Страница 77 из 81
После обычных приветствий речь, естественно, зашла о предмете, который в эти дни был у всех на устах, — о войне, о турках и о коварных англичанах, которые продолжали строить свои козни, но напыщенный вид Скопина, его безупречный сюртук и белоснежные перчатки, которые он небрежно вертел в руке, позволяли присутствующим догадываться о цели его визита, тем более что в кругу их общих знакомых уже давно поговаривали о нежных чувствах, которые он питал к Марии.
Граф достал из кармана массивный золотой портсигар и попросил разрешения закурить.
Он очень волновался, не сразу зажег спичку, прикурил с третьего раза и уронил портсигар на пол.
— Плохая примета, — не подумавши сказала Бек-Назарова-старшая. Граф быстро справился со смущением и вдруг, набравшись смелости, заявил, что пришел просить руки ее дочери.

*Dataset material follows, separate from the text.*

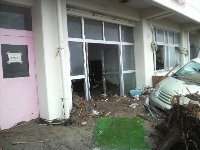 校舎入り口には、仙台市災害対策本部の「検索終了」の張り紙が。捜索したのは自衛隊とのことだ。ここで亡くなった人もいたんだろうか。

Хотя ничего такого, чего нельзя было бы предположить заранее, в его словах не было, тем не менее княгиня растерялась и не нашлась что ответить. Лицо ее сделалось жалким, и она разрыдалась, Старичок тут же, вскочив с кресла, принялся вокруг нее хлопотать и подпрыгивать, а очень удивленный граф смотрел на княгиню во все глаза, не зная, как ему поступить: чего-чего, а столь бурного взрыва материнских чувств он никак не мог предвидеть.
— Простите, мадам, — сказал он, — если я вас обидел какой-нибудь неосторожностью. Но мое отношение к вашей дочери столь искренно и нежно, что я не счел возможным давать волю слухам и сплетням и откладывать решение своей судьбы на неопределенный срок. Мне хотелось бы сегодня же услышать ваше решение…
Столь категорическое заявление вызвало целую бурю: если до этого княгиня плакала тихо и в платочек, то теперь она откинулась на спинку кресла и залилась такими слезами, что граф смешался окончательно.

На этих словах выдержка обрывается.